= Vogue Records =

American record label (1946–1947)

The first and most popular release from Vogue in the U.S.

Vogue Records was a short-lived United States–based record label of the 1940s, noted for the artwork embedded in the records themselves. Founded in 1946 as part of Sav-Way Industries of Detroit, Michigan, the discs were initially a hit, because of the novelty of the colorful artwork, and the improved sound compared to the shellac records dominant at the time. The discs were manufactured by first sandwiching printed illustrations around a core of aluminum, then coating both sides with clear vinyl upon which the grooves were stamped.

The company went out of business the following year, having released between 67 and 74 double-sided 78 rpm gramophone records. Some of the Vogue issues were re-releases of recordings originally issued by other companies.

The colorful artwork on the records have made Vogue Records a collector's item.

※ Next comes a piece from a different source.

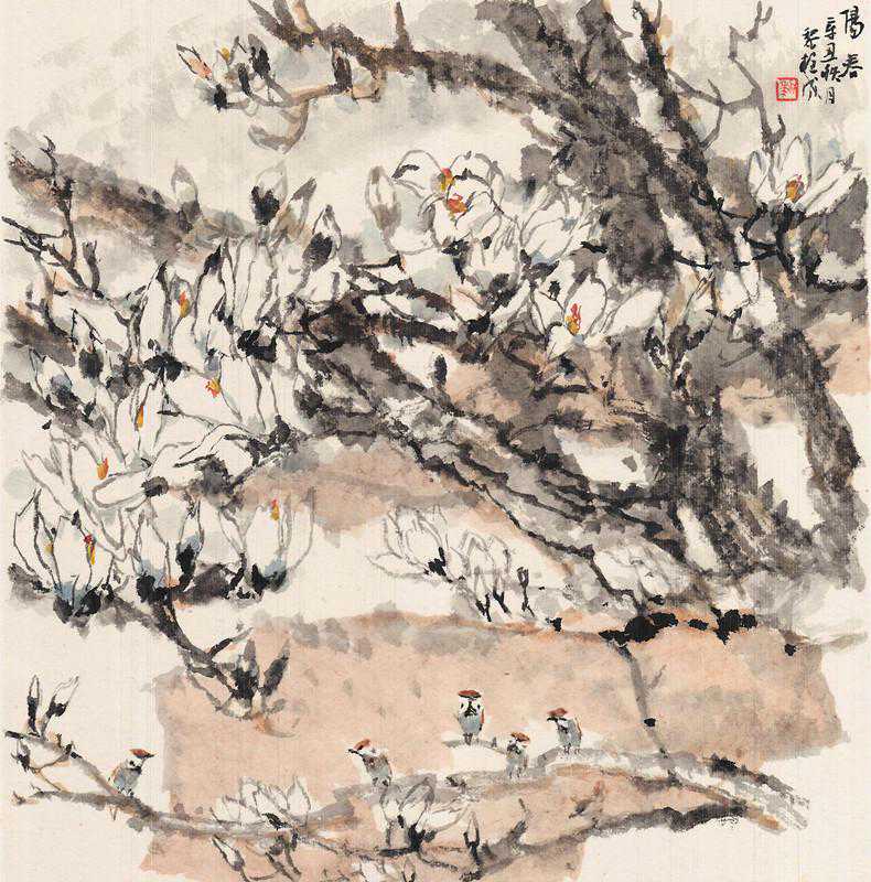 黎柱成的画具有浓烈的岭南特色,纵横均匀带来扑面而来的气息,尤其是他的传统程式和新题材的把握,处理的非常好,他的花鸟画的题材很多,包括海棠、牡丹、木棉都非常有特点。这些传统的题材又是非常难创新的题材,他用自己独特的表达方式呈现出来,是非常难得的。

Two releases on the Vogue label have been the source of much collector debate over the years: the 1946 releases by the country swing group the Down Homers "Who's Gonna Kiss You When I'm Gone?" and "Boogie Woogie Yodel" have often been cited as featuring the earliest recorded performances by future rock and roll pioneer Bill Haley, who was a member of the group in 1946. However this rumor was later debunked by surviving members of the Down Homers as well as Haley researchers. Nonetheless, the Vogue Down Homers releases are considered among the more collectable of the label's releases.